How Are Low-Headspace Packages Tested for Leaks?
Low-headspace packages are typically flexible or semi-flexible package formats with minimal air. The minimal headspace makes them more vulnerable to the impact of a leak, creating more rapid impact to the headspace concentration. Detecting leaks can be challenging because there is also less headspace to measure any leakage. Deterministic methods like Vacuum Decay or Force Decay identify micro-leaks in these containers by measuring subtle pressure deviations. Helium leak detection can also be used to ensure that the smallest leaks, and even failures in the oxygen barrier package layers, can be detected. These systems ensure that even packages with nearly 100% liquid fill maintain their sterile barrier.
What Is CCIT for Low-Headspace Containers?
Container Closure Integrity Testing (CCIT) for low-headspace packages involves measuring the physical integrity of the package barrier. Because low headspace amplifies the impact of a leak, small defects must be detected. Leaks in the single-digit micron range can be defected using these deterministic methods. Ultimately, any low headspace package with a foil barrier must be tested for micro leaks. All leaks are critical for these package formats, but larger leaks can be elusive because all the headspace leaks before anything reasonable is measure.

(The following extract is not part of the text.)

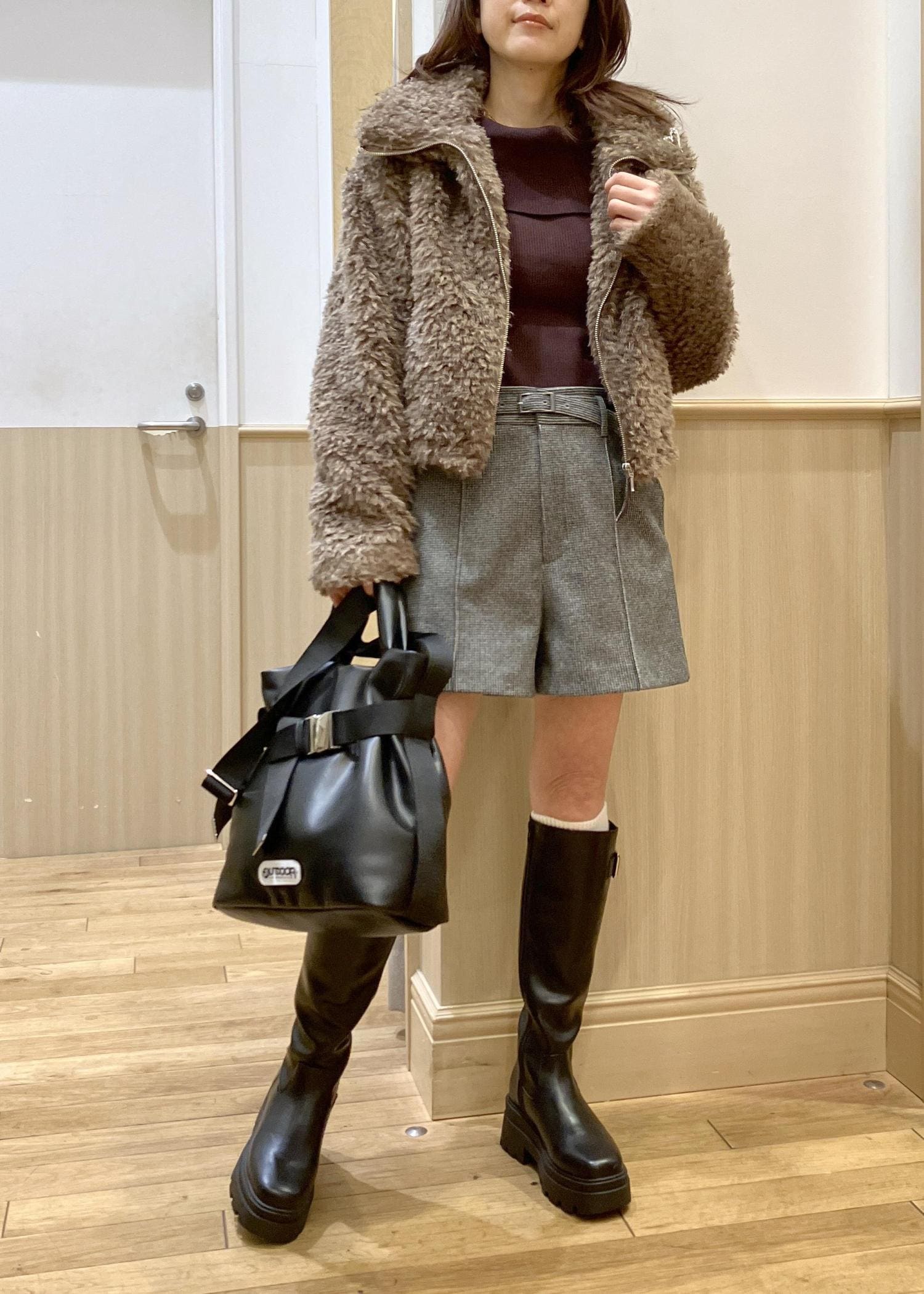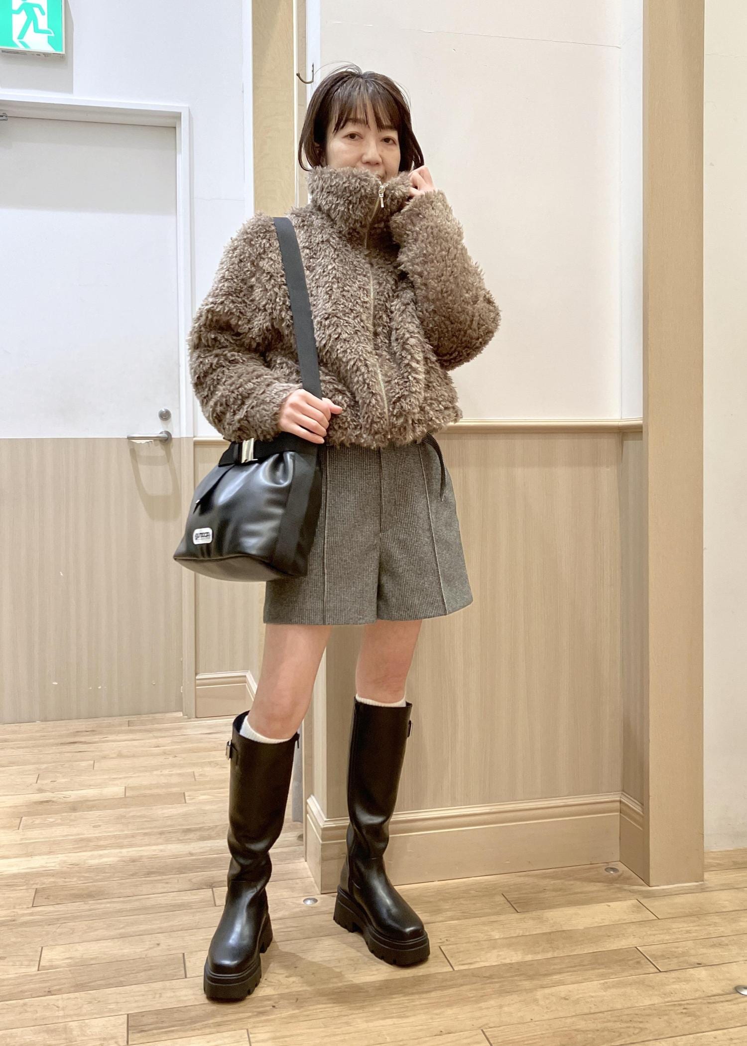 モコモコがカワイイSALEアウターを主役にハンサムにまとめてみました。インナーに合わせたアイテム達はダークカラーを選んだのがポイントです。身長が155cnなのでモコモコアウターの時はショートパンツで合わせてスッキリ見せるのが好きです。

How Does Vacuum Decay Work for Low-Headspace?
Vacuum Decay is recognized under ASTM F2338 and referenced in USP <1207> as a deterministic test method. In low-headspace applications, the system creates a vacuum around the package and monitors for a pressure deviation. Vacuum decay is often paired with a force decay measurement to ensure the package does not have any larger defects by confirming the expansion of the package. Without large leak confirmation, all measurable leaks can bleed air before the system registers the leak. Force decay allows the system to identify leaks even when there is no air to leak out.
What Regulatory Standards Apply to Low-Headspace Testing?
USP <1207> defines expectations for deterministic CCIT and method validation. It explicitly advocates for quantitative results over subjective dye tests for high-risk low-headspace products. Standard regulatory environments insist on applying quality risk management principles. Low headspace package formats introduce additional risk due to the rapid change a small leak can cause.
ASTM F2338 provides the protocol for vacuum decay testing in pharmaceutical packaging. Systems must also comply with 21 CFR Part 11 to ensure all electronic test records are secure and traceable.
What Is the Application of Low-Headspace Testing?
This testing is critical for man transdermal products, semi-flexible cold-form blister packaging, and other flexible formats. It ensures that the product remains sterile and that environmental contaminants such as moisture or oxygen do not degrade critical product attributes.
- Transdermal Patches: With almost no headspace the formats can be extremely sensitive. Due to the extremely low headspace even cracks in the foil barrier along the seal create oxygen transmission points, which Helium can detect. Force decay is also effective to measure the expansion of the transdermal package.
- Cold-form blister packs: The aluminium barrier indicates oxygen or moisture critical nature. The semi-flexible surface offers ideal force decay measurement.
Frequently Asked Questions
1. Can Vacuum Decay detect leaks in 100% filled containers (i.e. no gas)?
Yes, deep vacuum can drive the liquid to phase change and the same vacuum and force decay method can be applied. Often times force decay is not necessary because the liquid produces enough gas induced from phase change during the test cycle.
2. Is the test destructive for low-headspace containers?
No, Vacuum Decay and force decay are non-destructive methods that preserves the sample and its contents for use.